• Your task
This exercise calls for the data below to be retyped exactly, minus any images.
*** Given information Section Begins ***
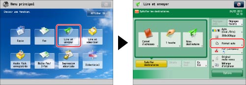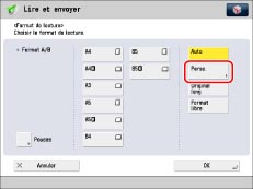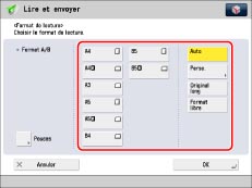 Pour lire des originaux non standard de longueur supérieure au A3, appuyer sur [Original long]. La longueur maximale des originaux qu'il est possible de lire est de 630 mm.
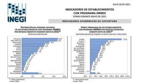 Al comparar los indicadores del Programa de Industria de la Maquila, Manufactura y Servicios de Exportación (IMMEX), el INEGI muestra que de mayo de 2020 a mayo de 2021 los obreros del sector trabajaron un 7.5 por ciento más de horas.
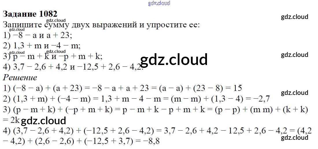 Ответ на задание 1082 Учебник Математика за 6 (шестой) класс Мерзляк, Полонский, Якир Алгоритм успеха 2016
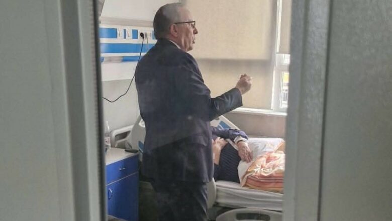 Në një fotografi, shihet Bedri Hamza në dhomën ku po qëndron Haxhi Thaçi, babai i ish-presidentit Thaçi, i cili po trajtohet nga mjekët e spitalit publik.
*** Given information Section Ends ***
• Exercise solution
 Pour lire des originaux non standard de longueur supérieure au A3, appuyer sur [Original long]. La longueur maximale des originaux qu'il est possible de lire est de 630 mm.
 Al comparar los indicadores del Programa de Industria de la Maquila, Manufactura y Servicios de Exportación (IMMEX), el INEGI muestra que de mayo de 2020 a mayo de 2021 los obreros del sector trabajaron un 7.5 por ciento más de horas.
 Ответ на задание 1082 Учебник Математика за 6 (шестой) класс Мерзляк, Полонский, Якир Алгоритм успеха 2016
 Në një fotografi, shihet Bedri Hamza në dhomën ku po qëndron Haxhi Thaçi, babai i ish-presidentit Thaçi, i cili po trajtohet nga mjekët e spitalit publik.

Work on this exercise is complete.